(WHAT IS NEEDED)
Using the material that follows, output exactly the lines from the one containing "The throttle position" through the one containing "Ivory Ice Cream", with both ends kept.

(DATA EXCERPTS)
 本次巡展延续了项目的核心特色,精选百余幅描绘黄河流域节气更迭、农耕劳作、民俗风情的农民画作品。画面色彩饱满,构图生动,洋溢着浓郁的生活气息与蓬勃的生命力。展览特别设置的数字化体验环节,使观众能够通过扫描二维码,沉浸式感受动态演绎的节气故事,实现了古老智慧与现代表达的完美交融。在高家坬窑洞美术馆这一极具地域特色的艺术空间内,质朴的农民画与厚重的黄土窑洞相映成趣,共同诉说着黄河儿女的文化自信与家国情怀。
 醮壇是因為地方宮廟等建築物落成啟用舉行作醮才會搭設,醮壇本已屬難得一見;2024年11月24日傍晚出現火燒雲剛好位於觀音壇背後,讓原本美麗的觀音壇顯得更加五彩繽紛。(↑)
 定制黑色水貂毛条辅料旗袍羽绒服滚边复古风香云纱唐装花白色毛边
--
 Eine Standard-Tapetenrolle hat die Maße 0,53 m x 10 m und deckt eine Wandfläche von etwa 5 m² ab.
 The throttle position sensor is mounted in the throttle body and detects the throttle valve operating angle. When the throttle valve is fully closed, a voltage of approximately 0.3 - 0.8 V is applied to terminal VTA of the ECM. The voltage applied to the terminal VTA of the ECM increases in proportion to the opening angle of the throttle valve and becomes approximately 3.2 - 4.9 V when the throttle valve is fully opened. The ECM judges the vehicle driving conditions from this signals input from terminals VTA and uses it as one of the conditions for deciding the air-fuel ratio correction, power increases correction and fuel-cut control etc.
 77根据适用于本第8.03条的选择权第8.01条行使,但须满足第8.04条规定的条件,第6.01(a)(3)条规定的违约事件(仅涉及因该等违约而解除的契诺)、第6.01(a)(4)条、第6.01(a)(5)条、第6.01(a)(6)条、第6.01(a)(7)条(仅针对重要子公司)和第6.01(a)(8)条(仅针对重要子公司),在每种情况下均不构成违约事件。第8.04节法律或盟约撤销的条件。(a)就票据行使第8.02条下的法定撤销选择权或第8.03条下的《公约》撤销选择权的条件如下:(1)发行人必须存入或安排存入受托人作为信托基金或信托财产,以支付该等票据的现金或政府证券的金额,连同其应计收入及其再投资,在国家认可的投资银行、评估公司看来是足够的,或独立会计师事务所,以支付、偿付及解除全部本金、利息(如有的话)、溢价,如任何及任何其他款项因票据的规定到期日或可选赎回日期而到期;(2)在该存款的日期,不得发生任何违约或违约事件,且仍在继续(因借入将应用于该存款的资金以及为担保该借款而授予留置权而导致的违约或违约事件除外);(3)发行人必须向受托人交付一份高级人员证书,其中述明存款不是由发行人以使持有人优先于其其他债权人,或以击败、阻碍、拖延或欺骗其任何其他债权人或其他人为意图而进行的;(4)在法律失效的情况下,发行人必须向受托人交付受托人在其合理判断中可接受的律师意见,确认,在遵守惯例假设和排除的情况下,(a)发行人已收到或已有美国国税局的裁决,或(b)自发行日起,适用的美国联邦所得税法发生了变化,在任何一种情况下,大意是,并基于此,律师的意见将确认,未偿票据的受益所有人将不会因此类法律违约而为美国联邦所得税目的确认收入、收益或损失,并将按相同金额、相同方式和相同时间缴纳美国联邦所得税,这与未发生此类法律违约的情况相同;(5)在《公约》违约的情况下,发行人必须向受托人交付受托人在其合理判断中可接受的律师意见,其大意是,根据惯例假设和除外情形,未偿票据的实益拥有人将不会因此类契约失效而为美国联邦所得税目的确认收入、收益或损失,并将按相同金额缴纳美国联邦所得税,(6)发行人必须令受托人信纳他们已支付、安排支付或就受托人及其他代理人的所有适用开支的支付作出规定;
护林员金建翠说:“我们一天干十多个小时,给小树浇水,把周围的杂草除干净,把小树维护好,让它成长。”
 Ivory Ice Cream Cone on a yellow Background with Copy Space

(PROBLEM SOLUTION)
 The throttle position sensor is mounted in the throttle body and detects the throttle valve operating angle. When the throttle valve is fully closed, a voltage of approximately 0.3 - 0.8 V is applied to terminal VTA of the ECM. The voltage applied to the terminal VTA of the ECM increases in proportion to the opening angle of the throttle valve and becomes approximately 3.2 - 4.9 V when the throttle valve is fully opened. The ECM judges the vehicle driving conditions from this signals input from terminals VTA and uses it as one of the conditions for deciding the air-fuel ratio correction, power increases correction and fuel-cut control etc.
 77根据适用于本第8.03条的选择权第8.01条行使,但须满足第8.04条规定的条件,第6.01(a)(3)条规定的违约事件(仅涉及因该等违约而解除的契诺)、第6.01(a)(4)条、第6.01(a)(5)条、第6.01(a)(6)条、第6.01(a)(7)条(仅针对重要子公司)和第6.01(a)(8)条(仅针对重要子公司),在每种情况下均不构成违约事件。第8.04节法律或盟约撤销的条件。(a)就票据行使第8.02条下的法定撤销选择权或第8.03条下的《公约》撤销选择权的条件如下:(1)发行人必须存入或安排存入受托人作为信托基金或信托财产,以支付该等票据的现金或政府证券的金额,连同其应计收入及其再投资,在国家认可的投资银行、评估公司看来是足够的,或独立会计师事务所,以支付、偿付及解除全部本金、利息(如有的话)、溢价,如任何及任何其他款项因票据的规定到期日或可选赎回日期而到期;(2)在该存款的日期,不得发生任何违约或违约事件,且仍在继续(因借入将应用于该存款的资金以及为担保该借款而授予留置权而导致的违约或违约事件除外);(3)发行人必须向受托人交付一份高级人员证书,其中述明存款不是由发行人以使持有人优先于其其他债权人,或以击败、阻碍、拖延或欺骗其任何其他债权人或其他人为意图而进行的;(4)在法律失效的情况下,发行人必须向受托人交付受托人在其合理判断中可接受的律师意见,确认,在遵守惯例假设和排除的情况下,(a)发行人已收到或已有美国国税局的裁决,或(b)自发行日起,适用的美国联邦所得税法发生了变化,在任何一种情况下,大意是,并基于此,律师的意见将确认,未偿票据的受益所有人将不会因此类法律违约而为美国联邦所得税目的确认收入、收益或损失,并将按相同金额、相同方式和相同时间缴纳美国联邦所得税,这与未发生此类法律违约的情况相同;(5)在《公约》违约的情况下,发行人必须向受托人交付受托人在其合理判断中可接受的律师意见,其大意是,根据惯例假设和除外情形,未偿票据的实益拥有人将不会因此类契约失效而为美国联邦所得税目的确认收入、收益或损失,并将按相同金额缴纳美国联邦所得税,(6)发行人必须令受托人信纳他们已支付、安排支付或就受托人及其他代理人的所有适用开支的支付作出规定;
护林员金建翠说:“我们一天干十多个小时,给小树浇水,把周围的杂草除干净,把小树维护好,让它成长。”
 Ivory Ice Cream Cone on a yellow Background with Copy Space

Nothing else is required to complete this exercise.